🤖 24 AI
🟡 🛡️ Security Sunday, April 19, 2026 · 3 min read

SAGO: New Machine Unlearning Method Restores MMLU from 44.6% to 96% Without Sacrificing Forgetting, Accepted at ACL 2026

Editorial illustration: selective removal of memory fragments, protective layer around a neural network

Why it matters

SAGO is a gradient synthesis framework that reformulates machine unlearning as an asymmetric two-task problem — knowledge retention as the primary objective and forgetting as auxiliary. On the WMDP Bio benchmark it raises MMLU from a baseline of 44.6% past PCGrad's 94% to 96% with comparable forgetting scores, solving the main shortcoming of previous unlearning methods that excessively destroyed the model's useful knowledge.

What Does SAGO Actually Solve?

Machine unlearning is a technique for removing specific knowledge from an already trained language model — for example, dangerous biological procedures or personal data about an individual — without full retraining. The problem is that existing methods forget too broadly: by removing targeted knowledge, they simultaneously destroy the model’s general intelligence.

SAGO (Sign-constrained Asymmetric Gradient Optimization) is a new framework that reformulates the problem as an asymmetric two-task problem:

  • Primary task: Retain existing knowledge
  • Auxiliary task: Forget the targeted content

The difference is not cosmetic — SAGO uses gradient synthesis combining the PCGrad approach with sign-constrained logic that prioritizes retention. In practice, when the gradients of the two tasks conflict, SAGO leans toward retention — because the primary goal is not to forget, but to preserve the model’s general competence while removing specific knowledge.

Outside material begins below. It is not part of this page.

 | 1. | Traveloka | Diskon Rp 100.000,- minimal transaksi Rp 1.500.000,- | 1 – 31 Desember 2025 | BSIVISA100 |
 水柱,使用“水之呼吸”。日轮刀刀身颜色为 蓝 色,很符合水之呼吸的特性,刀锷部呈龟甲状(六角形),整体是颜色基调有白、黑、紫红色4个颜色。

How Big Is the Difference in Numbers?

On the WMDP (Weapons of Mass Destruction Proxy) Bio benchmark — the standard test measuring how much a model has “forgotten” dangerous biological knowledge — SAGO achieves the following:

MethodMMLU scoreForgetting
Baseline (after standard unlearning)44.6%
PCGrad (previous SOTA)94.0%comparable
SAGO (new result)96.0%comparable

MMLU (Massive Multitask Language Understanding) is the primary benchmark for general language intelligence. Dropping from ~75% pre-trained level to 44.6% after standard unlearning means the model lost a large portion of its useful knowledge. SAGO restores the score to 96%, practically without loss, while maintaining the forgetting of targeted WMDP Bio content.

Why Is This Significant for Model Safety?

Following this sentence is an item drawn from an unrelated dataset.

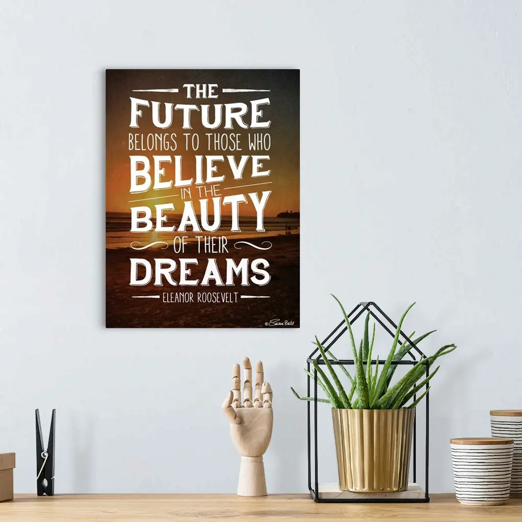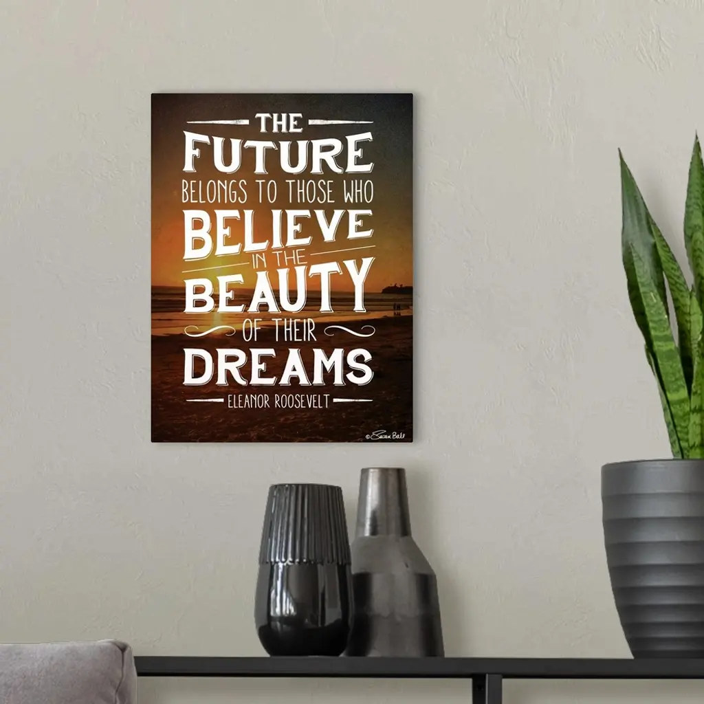 Inspirational quote in white lettering against a photograph of a beach at sunset

Unlearning has become a key component of responsible AI deployment — regulators (EU AI Act, GDPR) and users ask model operators to be able to remove specific knowledge on demand. If the method destroys general competence, operators are left with only a binary choice: either keep the model as-is, or fully retrain it from scratch.

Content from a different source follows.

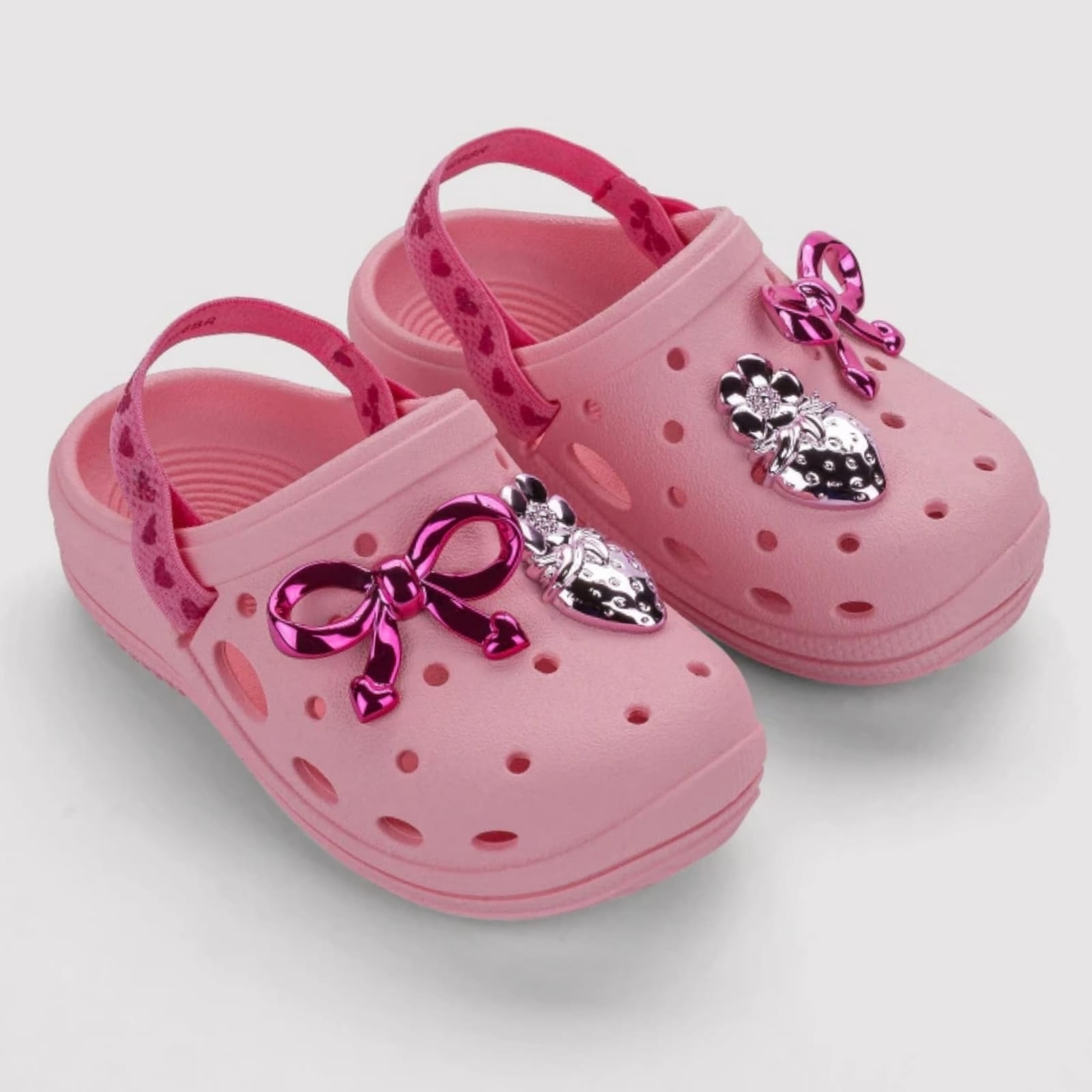 O Babuche de Bebê Daisy Zaxynina chega cheio de charme e delicadeza para acompanhar as pequenas no dia a dia. O modelo traz os furinhos tradicionais, que ajudam na ventilação e no conforto, além de apliques metalizados de laço e morango, que adicionam um toque lúdico e encantador ao visual. O elástico traseiro com grafia de corações garante praticidade no calce e mais segurança, deixando o babuche ainda mais confortável e fofo para diversas ocasiões.

SAGO proves that it is possible to have both — precise forgetting and preserved knowledge — using existing methods available to anyone who already has access to a trained model.

Peer Review Status

The paper has been accepted at ACL 2026 (Annual Meeting of the Association for Computational Linguistics), one of the top NLP conferences. This means it has passed peer review — a significant signal of quality and reliability of results. The authors (a seven-member team, led by Xiao) have not released code with the preprint, but ACL traditionally requires a code release alongside publication.

🤖

This article was generated using artificial intelligence from primary sources.